The function mmglm0 is a very simple trivial case where the linear predictor is of the form β0+β1x1\beta_0 + \beta_1 x_1. The version mmglm1 does not have this limitation. The model formula for mmglm1 is defined implicitly through the structure of the specified design matrix. The model mmglmlong1 is similar to mmglm1 but can be applied to longitudinal observations. Models of the form given by mmglm1 are assumed to have one time series, and from a theoretical perspective, one would be interested in the asymptotic properties of the parameter estimates as the series length gets very large. In the longitudinal case (mmglmlong1), the series of observations per individual is probably very small (<10<10), and hence interest is in the asymptotic properties as the number of individuals becomes large. Note that in the longitudinal case, the number of observations per individual is assumed to be the same. The responses are assumed to be conditionally independent given the value of the Markov chain and the explanatory variables in the linear predictor.

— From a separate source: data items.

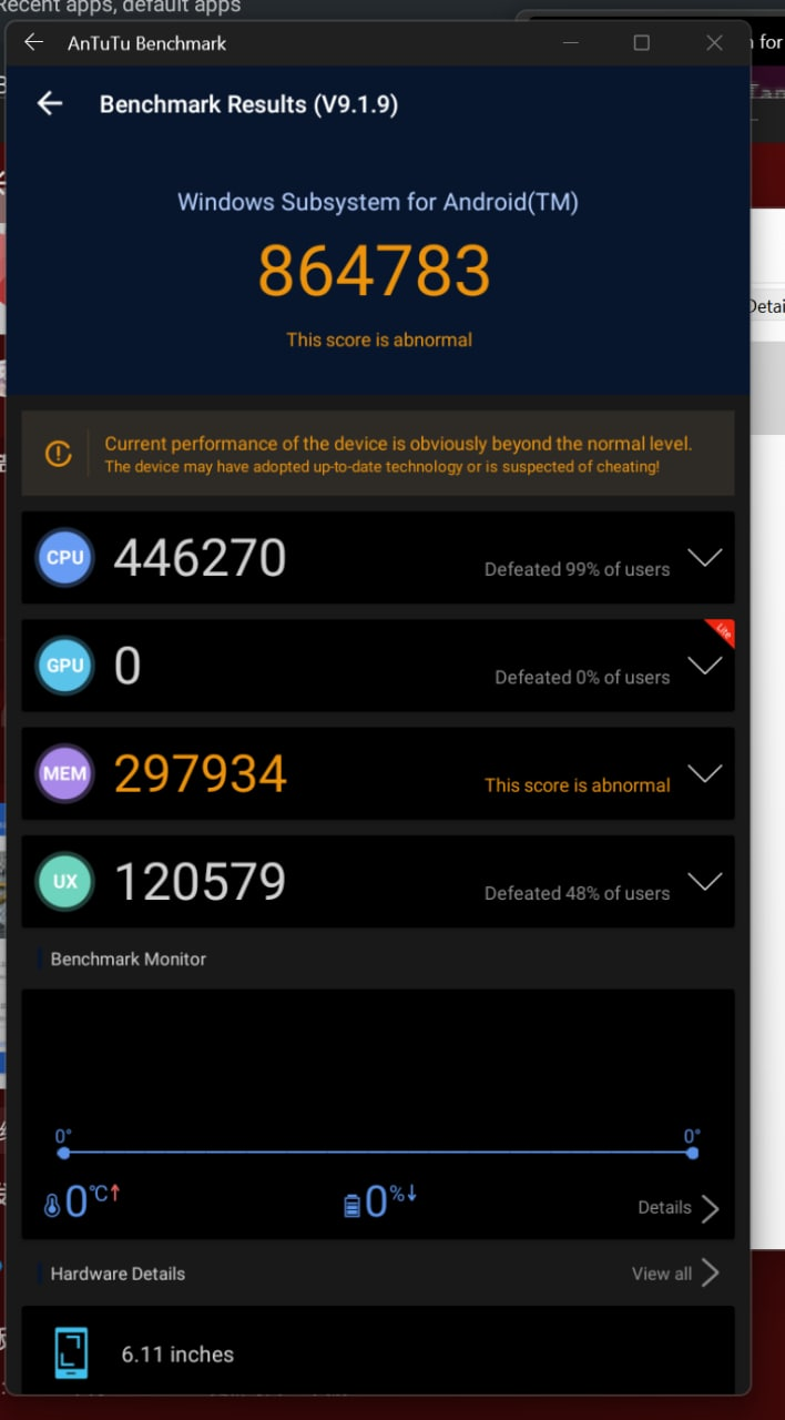 这个预装载界面都能感觉到时不时会掉帧一下原神作为新晋性能测试软件,我们自然也试着安装了下,结论是可以安装,在 5950X 上中高画质还算的上流畅,只不过经常性的出现掉帧很难受,这里我很怀疑和 GPU 有关(可以看到安兔兔的 GPU 跑分为 0 分)。此外游戏体验也不算好,除了适配了 WSAD 方向键,其他均没有适配,如果打算在 Windows Windows Subsystem for Android™ 上游玩原神可能要失望了;微软官方也表示,键盘和鼠标右键的需要进行额外适配。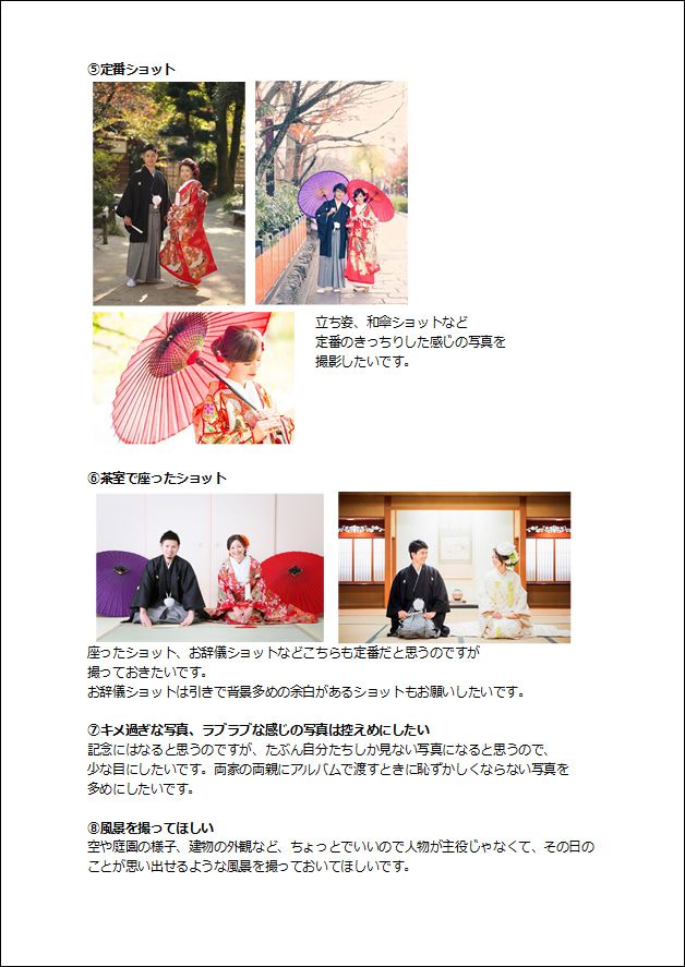 前撮り指示書の書き方・パソコンやスマホでの作り方をご紹介!大阪前撮り からん和装のフォトウエディング。
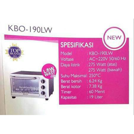 Spesifikasi Oven Listrik Kirin Kbo 190lw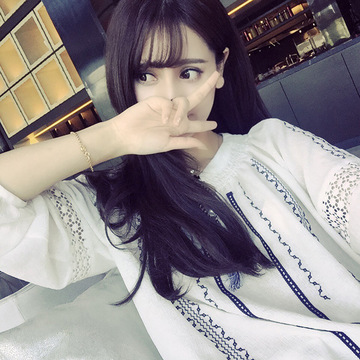 韓系甜美七分袖鏤空民族風(fēng)刺繡娃娃衫襯衫女 /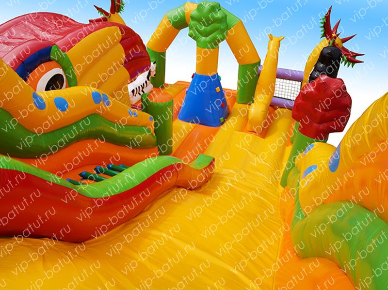 • 5-метровая надувная горка с каскадным спуском – самый заметный элемент комплекса. На ее вершину ведут зеленые мягконабивные ступени, высокие борта, на которых удобно устроились два желтых надувных питона, служат не только надежной защитой малышей, но и придают аттракциону дополнительную устойчивость. Задняя стенка горки украшена полноцветной печатью, с изображением героев из любимого мультфильма про этот чарующий остров.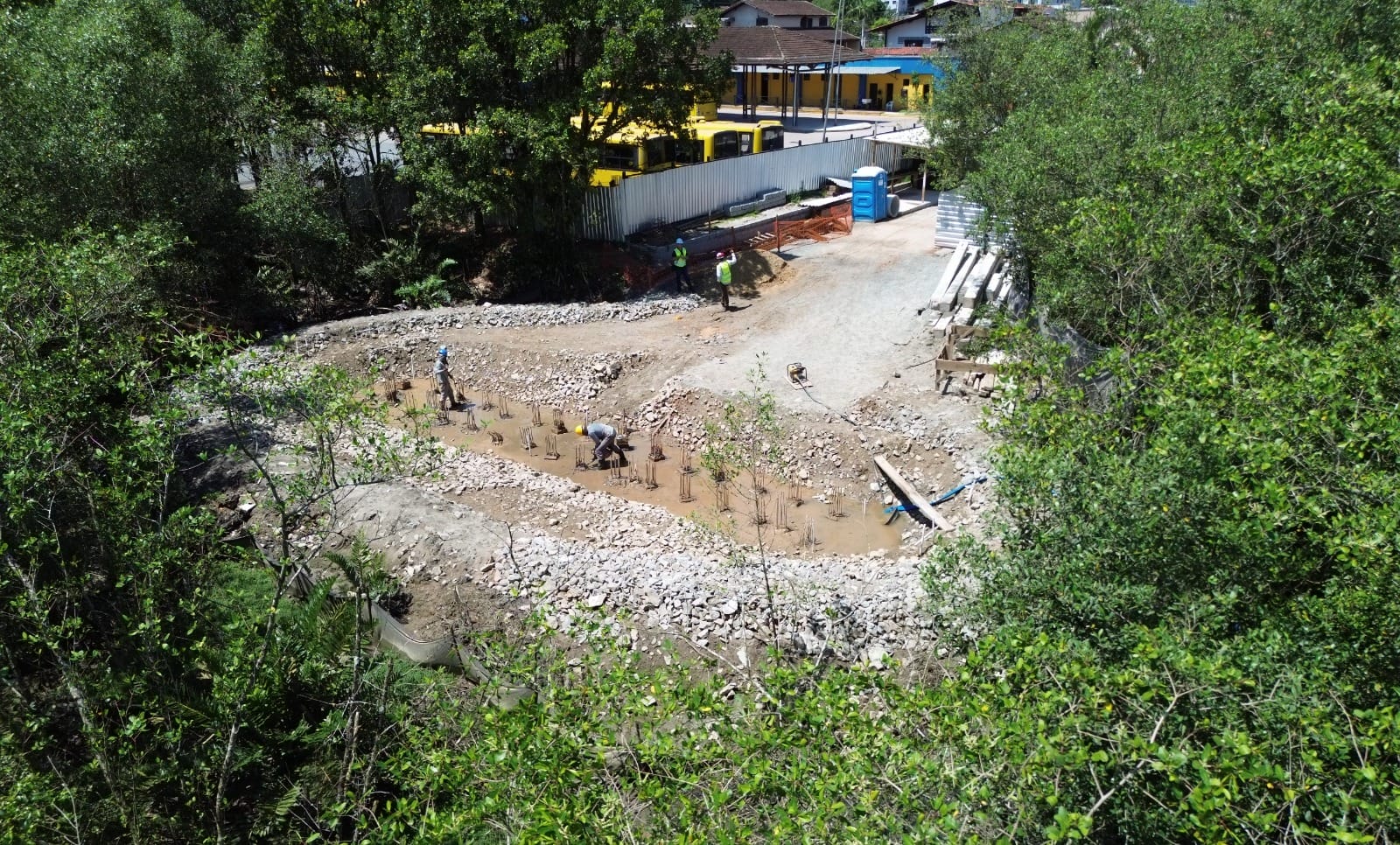 A prefeitura de Joinville informou nesta quinta-feira ter instalado 40 estacas na construção da ponte da Anêmonas. Foram 20 de cada lado (Guanabara e Fátima). Também está em andamento a produção de vigas de concreto, em canteiros de obras instalado ao lado da Arena Joinville.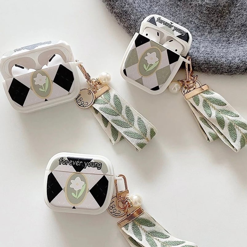 フラワーダイヤ柄パールリーフチャーム付きAir podsケース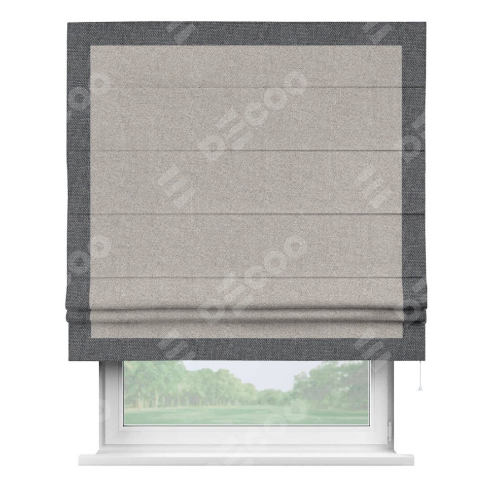 Римская штора «Кортин» для проема, лён димаут серо-бежевый с кантом Чесс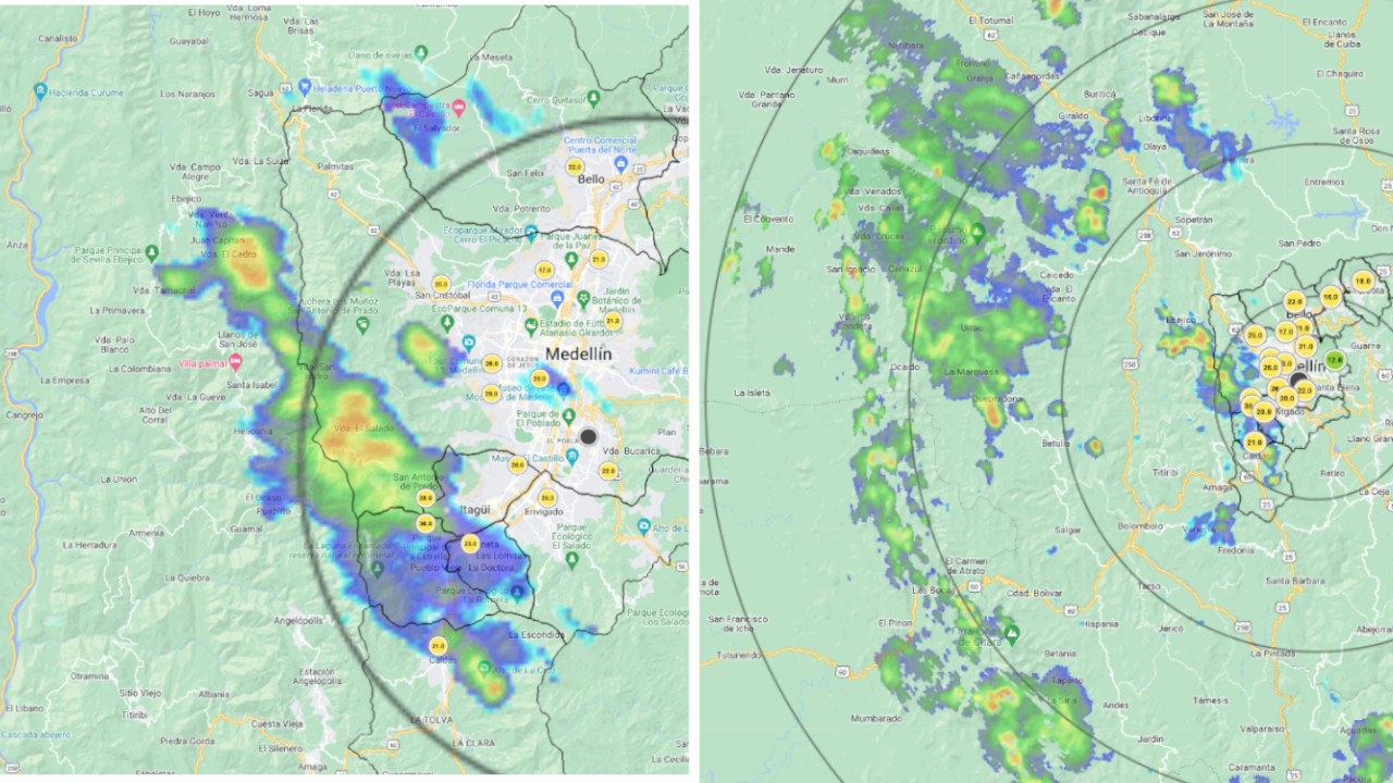 Minutos más tarde agregó que seguían las lluvias de moderada a alta intensidad sobre San Antonio de Prado y La Estrella, y de baja intensidad en Caldas, Sabaneta, Bello y el centro de Medellín. Se espera que las lluvias persistan por, al menos, 1 hora más.

If family == "binomial" then the response variable y is interpreted as the number of successes. The dataframe x must also contain a variable called size being the number of Bernoulli trials. This is different to the format used by the function glm where y would be a matrix with two columns containing the number of successes and failures, respectively. The different format here allows one to specify the number of Bernoulli trials only so that the number of successes or failures can be simulated later.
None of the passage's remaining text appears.